On Tuesday, April 8, Argentina's Chamber of Deputies approved an investigation into $Libra including requiring testimony from government officials; Milei and his sister, chief of staff Karina Milei, will not be questioned and are not implicated. In late November 2025, an Argentine congressional commission authored a report on the investigation. The commission concluded that Milei allegedly used his presidency to promote a scam, that his image was exploited for profit, and that the $LIBRA token was not his first such incident. The findings appear in a 200-page report issued after three months of lower-house deliberations, backed by opposition parties but disputed by some members of Milei’s party and the PRO. The report is not a criminal investigation and cannot make direct claims about events.

=== Previous crypto promotion ===
In 2021 as a national deputy, Milei recommended a crypto platform called CoinX. A year after Milei's recommendation, the National Securities Commission banned the financial operation for not having any authorization to offer investments and compared its operation to a Ponzi scheme. Thousands of investors were affected by CoinX and suffered millions in losses. In response to 23 Argentine Federal Police raids on offices and homes in Buenos Aires and the Santa Fe Province investigating the alleged fraud, Milei responded: "I only gave my opinion".
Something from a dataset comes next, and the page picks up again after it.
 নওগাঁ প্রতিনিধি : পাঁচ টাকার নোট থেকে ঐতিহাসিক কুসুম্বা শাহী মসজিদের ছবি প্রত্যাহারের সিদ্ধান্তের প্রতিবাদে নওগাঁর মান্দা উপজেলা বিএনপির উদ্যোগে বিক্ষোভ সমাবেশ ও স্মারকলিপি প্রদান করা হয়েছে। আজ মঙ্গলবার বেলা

In 2022, Milei promoted the Vulcano Game NFT gaming project, describing it as "very interesting". In the weeks after Javier Milei's announcement, the price of the video game company's token, $VULC, went to $0.

== Possible legal consequences ==
Over 100 criminal complaints alleging fraud were filed against Milei by February 17. Most accusations were lodged by politicians aligned with Kirchnerism, and a group led by Claudio Lozano, the leader of the opposition Popular Unity party, filed charges of fraud against Milei. In the first 48 hours following Milei's initial tweet, 112 criminal complaints were filed in the Supreme Court of Argentina.
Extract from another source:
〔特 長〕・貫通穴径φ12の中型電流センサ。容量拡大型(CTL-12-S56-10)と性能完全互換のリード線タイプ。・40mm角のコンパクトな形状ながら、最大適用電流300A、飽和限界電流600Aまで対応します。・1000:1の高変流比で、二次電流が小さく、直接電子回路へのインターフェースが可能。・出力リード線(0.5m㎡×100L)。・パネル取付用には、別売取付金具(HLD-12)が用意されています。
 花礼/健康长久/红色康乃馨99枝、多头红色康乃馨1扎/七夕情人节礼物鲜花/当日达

In response, Milei ordered the Anti-Corruption Bureau to determine whether any member of the national government, including himself, had misbehaved. Additionally, a new body called the "Unit for Investigation Tasks" was created within the Presidency to investigate the entire $LIBRA project.

International law firms, such as Burwick Law, proposed class action lawsuits on behalf of foreign investors who suffered significant losses following the collapse of $LIBRA. These firms sought to group affected parties from various jurisdictions to present cases in international courts, arguing that Milei's cryptocurrency promotion constituted a deceptive practice that led to detrimental investments.